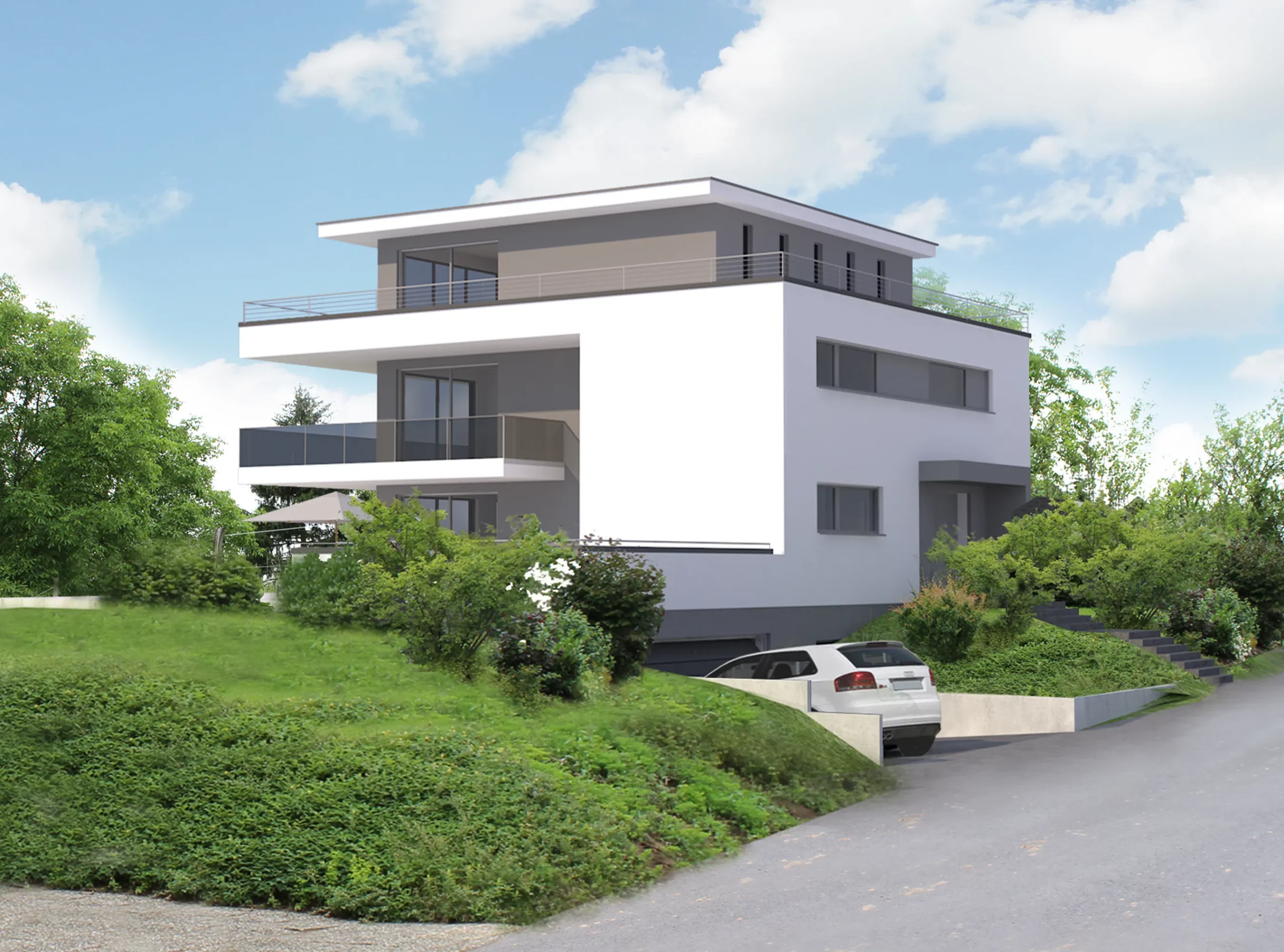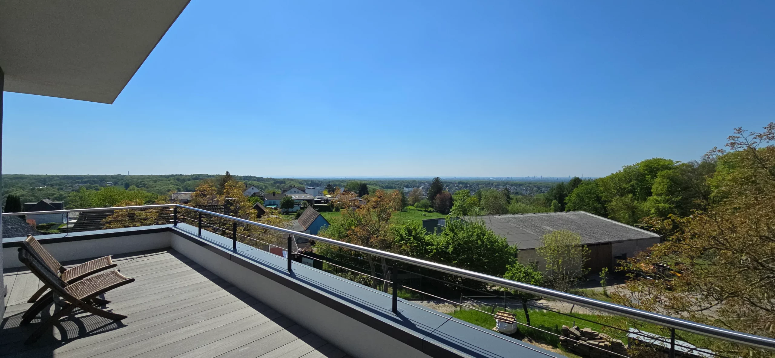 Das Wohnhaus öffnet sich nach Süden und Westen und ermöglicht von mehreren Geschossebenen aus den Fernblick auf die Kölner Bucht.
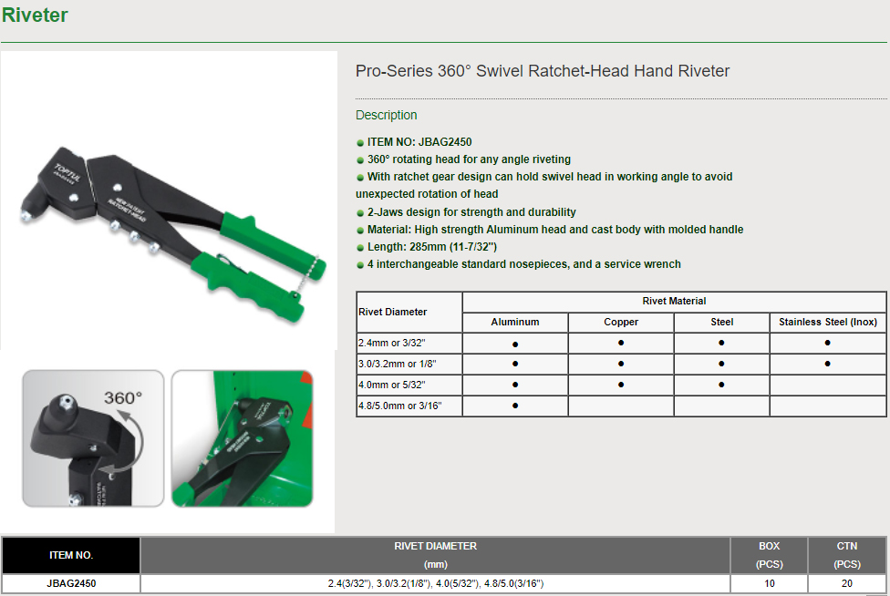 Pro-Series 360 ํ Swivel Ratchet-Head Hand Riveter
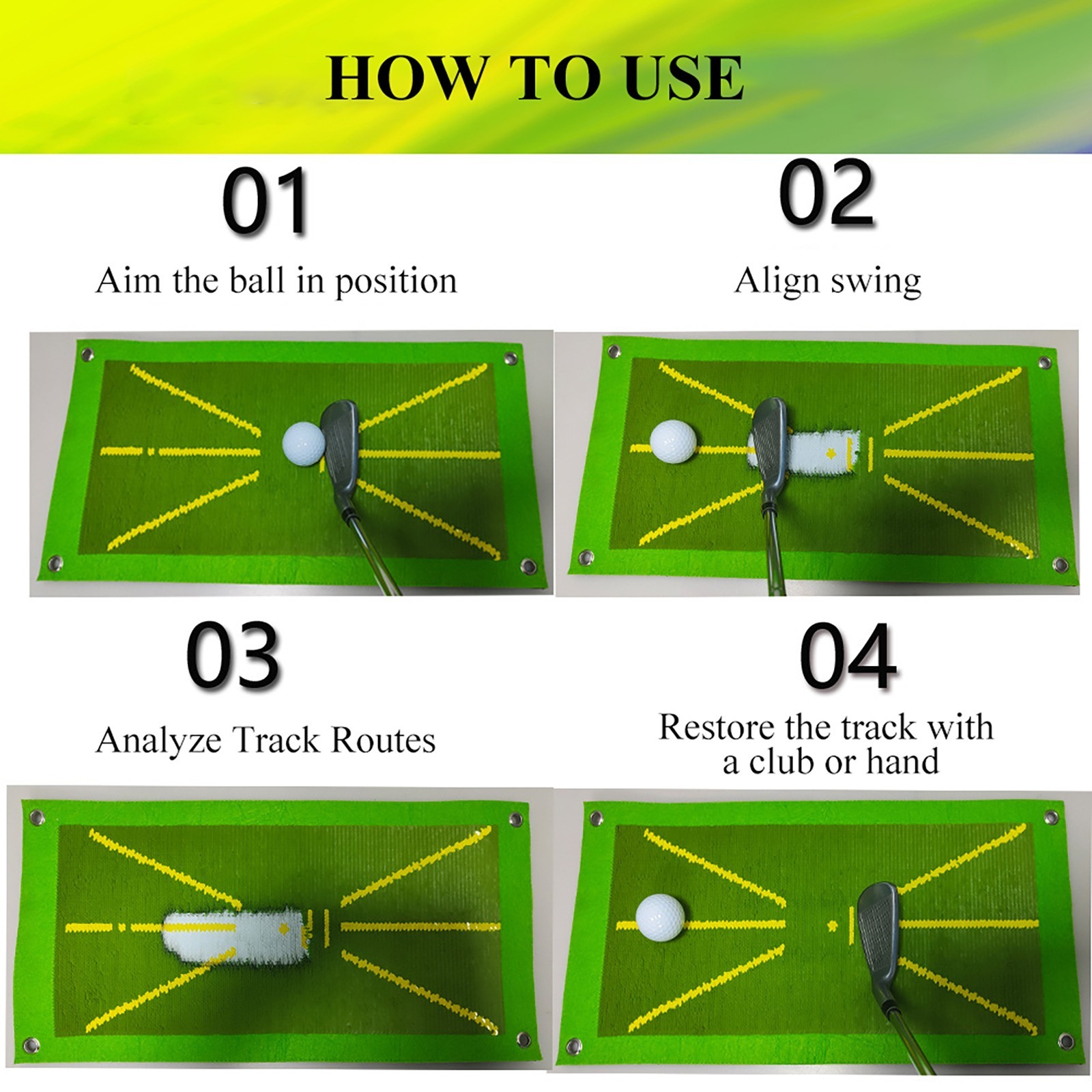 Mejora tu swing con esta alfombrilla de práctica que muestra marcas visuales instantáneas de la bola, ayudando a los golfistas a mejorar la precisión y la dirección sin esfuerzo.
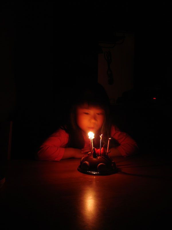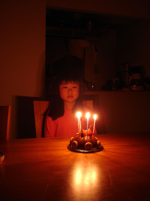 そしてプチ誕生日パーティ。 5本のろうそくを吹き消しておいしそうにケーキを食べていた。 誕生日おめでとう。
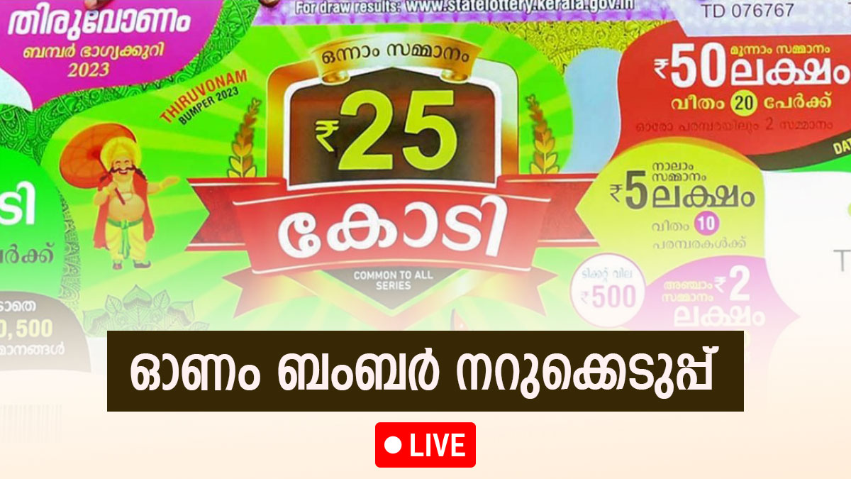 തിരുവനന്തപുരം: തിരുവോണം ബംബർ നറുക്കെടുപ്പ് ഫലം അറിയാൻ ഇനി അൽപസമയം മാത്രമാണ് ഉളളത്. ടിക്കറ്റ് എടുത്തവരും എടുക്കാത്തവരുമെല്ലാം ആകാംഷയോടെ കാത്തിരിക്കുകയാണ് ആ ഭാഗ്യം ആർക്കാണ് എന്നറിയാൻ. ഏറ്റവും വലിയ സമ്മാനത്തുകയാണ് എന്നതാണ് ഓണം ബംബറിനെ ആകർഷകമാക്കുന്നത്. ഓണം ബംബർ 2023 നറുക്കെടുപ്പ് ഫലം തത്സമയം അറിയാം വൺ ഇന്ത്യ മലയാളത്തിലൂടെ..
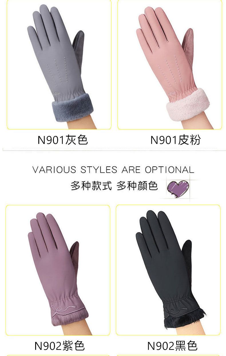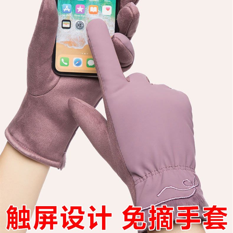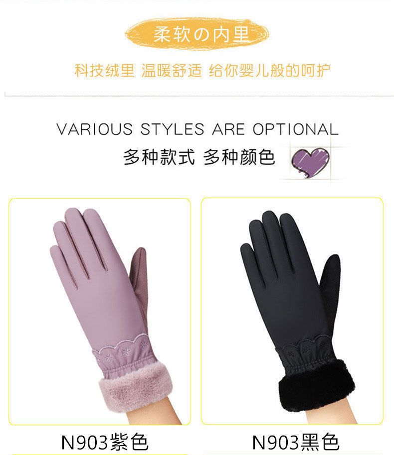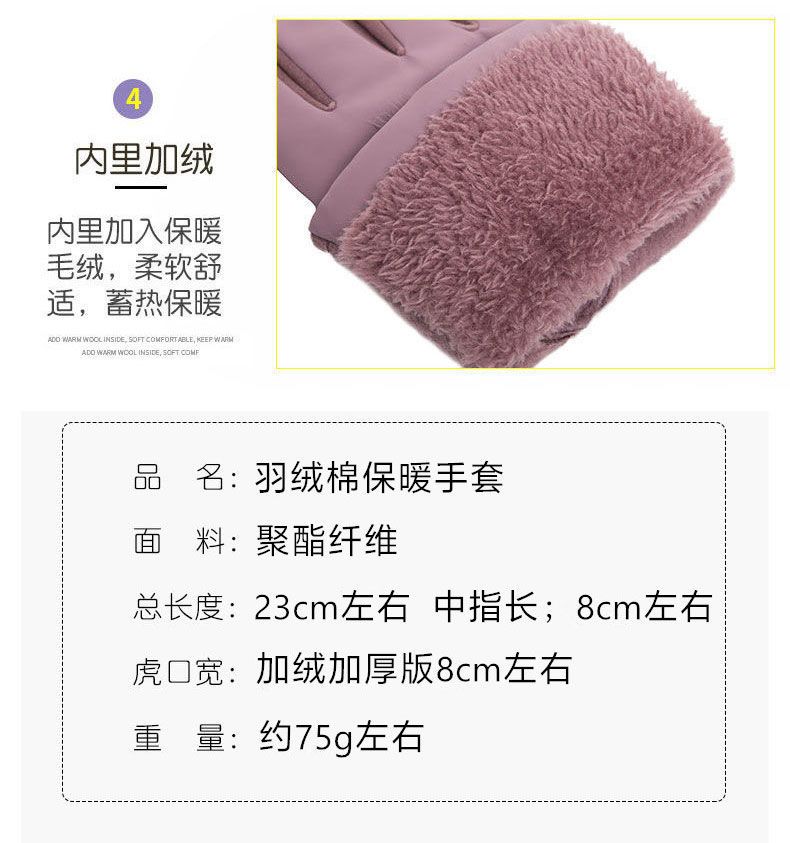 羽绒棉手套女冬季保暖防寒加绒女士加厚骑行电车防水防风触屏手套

===============

**Exercise details:**
Retype the whole listing word for word. Skip the pictures.

**Response below:**
 Das Wohnhaus öffnet sich nach Süden und Westen und ermöglicht von mehreren Geschossebenen aus den Fernblick auf die Kölner Bucht.
 Pro-Series 360 ํ Swivel Ratchet-Head Hand Riveter
 Mejora tu swing con esta alfombrilla de práctica que muestra marcas visuales instantáneas de la bola, ayudando a los golfistas a mejorar la precisión y la dirección sin esfuerzo.
 そしてプチ誕生日パーティ。 5本のろうそくを吹き消しておいしそうにケーキを食べていた。 誕生日おめでとう。
 തിരുവനന്തപുരം: തിരുവോണം ബംബർ നറുക്കെടുപ്പ് ഫലം അറിയാൻ ഇനി അൽപസമയം മാത്രമാണ് ഉളളത്. ടിക്കറ്റ് എടുത്തവരും എടുക്കാത്തവരുമെല്ലാം ആകാംഷയോടെ കാത്തിരിക്കുകയാണ് ആ ഭാഗ്യം ആർക്കാണ് എന്നറിയാൻ. ഏറ്റവും വലിയ സമ്മാനത്തുകയാണ് എന്നതാണ് ഓണം ബംബറിനെ ആകർഷകമാക്കുന്നത്. ഓണം ബംബർ 2023 നറുക്കെടുപ്പ് ഫലം തത്സമയം അറിയാം വൺ ഇന്ത്യ മലയാളത്തിലൂടെ..
 羽绒棉手套女冬季保暖防寒加绒女士加厚骑行电车防水防风触屏手套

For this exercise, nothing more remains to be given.